A Founder of this pioneer group is one of the original members of St. Luke’s Church, Dallas. His name is George Haddaway.

A non-profit, non-political charitable action group based in St. Louis, Mo., “Wings of Hope” helps equip missionary outreach units with air transportation and radio communication services in isolated areas of the globe. Haddaway, its founding member and board chairperson, was for 40 years the publisher of Flight Magazine.

For the last 25 he has seen his organization fly it’s way into remote areas of Kenya and New Guinea, Brazil and Peru, and most recently into Central America, and the countries of Guatemala and Honduras.

SUBTITLE: Flight operations

Haddaway, who grew up in Fort Worth as a member of St. Andrew’s Church, said his role is one of finding the means of rebuilding and re-conditioning single-engine aircraft, then enlisting different civic and religious groups in support of flight operations in remote areas where, he said, “human suffering and bare subsistence are a way of life.” Haddaway recently visited the Diocese of Dallas and the Rt. Rev. Donis D. Patterson on behalf of Bishop Leo Frade of the Missionary Diocese of Honduras. With him was the Rev. Canon Bill Buice, Frade’s assistant.

The diocese is in need of a Cessna U-206, a six-place single-engine aircraft to support communications and mission outreach in that Central American country. Air service can connect the 30 isolated congregations and their 11 priests; two deacons and 24 lay missionaries.

“Some of our congregations are up to eight hours driving time away from Tegucigalpa, the see city,” said Buice. “Two congregations can be reached only by aircraft or boat, two by horseback, and eight with a four-wheel drive vehicle.” He said twelve of the churches have neither telephone or postal service.

SUBTITLE: Radio and aircraft

The answer to human resource and communications problems posed by such isolation is a single-sideband radio net and an aircraft. Buice, an ex-U.S. Air Force pilot, has a current commercial license and instrument rating and Will supervise the aviation program in the Diocese of Honduras once it is begun.

“In Honduras,” Buice said, “We are building a native Episcopal Church with native clergy.

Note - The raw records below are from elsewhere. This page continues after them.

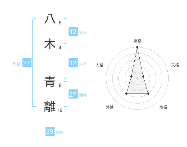 八木 青離さんの総格は39画の5点!
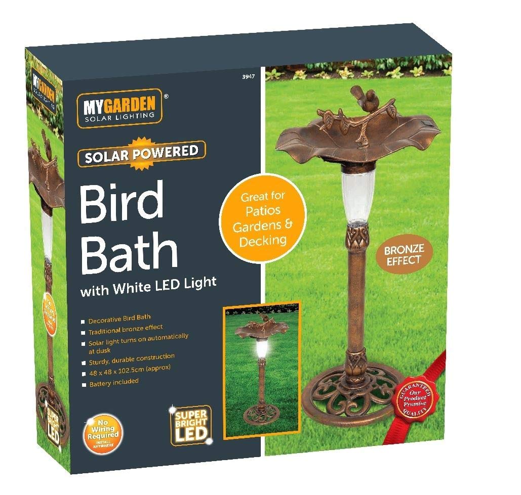 New Copper Bronze Effect Solar Led Light Garden Bird Bath
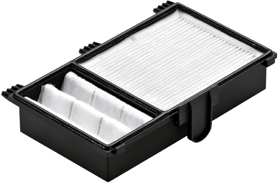 Дома Кёрхер 5500 Акваселект на улице AKIRA VC-S4199W . В ссылке есть для Кёрхер 5500 Акваселект ну там только для HEPA где есть полотно у AKIRA VC-S4199W стоит дешёвый фильтр в бачке но с автоотключением при превышении уровня воды в резервуаре т к корпус крепится застёжками впереди и сзади пылесоса к бачку с водой то между корпусом и дешёвым фильтром ложится полоска полотна или две чтобы застёжки срабатывали . Воздух с мелкой пылью проходит через дешёвый фильтр и полотно .
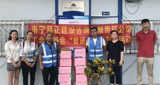 炎炎夏日,高溫持續(xù),大家都陷入了“蒸桑拿”的模式,環(huán)衛(wèi)工人、農(nóng)民工的艱辛受到了社會大眾的關(guān)注。有這么一群人,他們同樣不畏高溫,不怕酷暑,在“桑拿”的天氣下,依舊堅守在崗位上,他們就是堅守一線監(jiān)理崗位的員工。近日,由南寧品正建設(shè)咨詢有限責(zé)任公司工會委員會組織,公司總經(jīng)理羅順華、副總經(jīng)理蘇艷、工會主席梁秋霞以及工會委員組成的慰問小組深入基層項目,慰問頂著烈日、堅守崗位的一線監(jiān)理員工,給他們送去絲絲涼意和滴滴關(guān)愛,讓他們在炎炎夏日中感受到公司工會“娘家人”對他們的關(guān)心。

There are between three and five thousand persons in our congregations, most located in subsistence farming communities.” Access to remote areas by the Diocese would help the Episcopal Church increase its assistance to the rural poor as it conducts literacy classes.

CAPTION:
WINGS FOR HONDURAS – George Haddaway (center), founder of “Wings of Hope,” discusses details of the Cessna single-wing aircraft his organization hopes to provide the Episcopal Diocese of Honduras with Bishop Donis D. Patterson. Pilot of the aircraft will be the Rev. Canon Bill Buice (left), who works closely with Bishop Leo Frade in the Central American diocese.